Alveo and Voyant


Alveo is a Virtual Laboratory for Human Communication data and provides a repository for language data (speech, video, text) as part of its services.   Data hosted by Alveo can be kept private, shared with other researchers or published under an appropriate licence. Published datasets can be associated with a DOI (Digital Object Identifier) allowing them to be cited in publications.  Alveo provides and API to allow access to data stored in the repository and there are a number of tools that can be used to work directly on this data.  For example, Tinker has some recipes that take data directly from the Alveo API and perform Named Entity Recognition on the text and you can explore textual collections directly in Voyant via the Alveo platform. 

Voyant is a web based text analysis platform.  Data uploaded to a Voyant Tools server can be analysed and visualised in a number of different ways to provide insight into the texts. While it is possible to upload data to a public Voyant Tools instance for analysis, the data then becomes public by default (although there are ways to protect it) and you are creating yet another copy of your dataset that needs to be managed.

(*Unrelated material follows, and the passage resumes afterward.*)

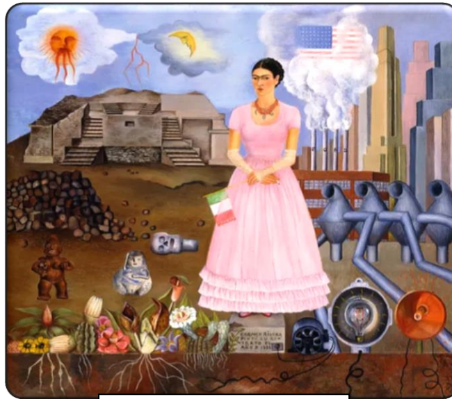
On the Border of Mexico and the United States 1932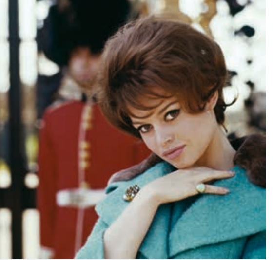
Bardot in London

To facilitate the analysis of text data stored on Alveo, an instance of Voyant Tools is available as part of the Alveo platform and any text collection stored in Alveo can be made available for analysis on Voyant.   The advantage of this approach is that users don’t need to create new copies of data to upload to Voyant and, importantly, collections are protected by the same user permissions as the rest of the Alveo platform.  Users who have not agreed to the licence terms for a collection or been granted access to it cannot access the collection via Voyant Tools.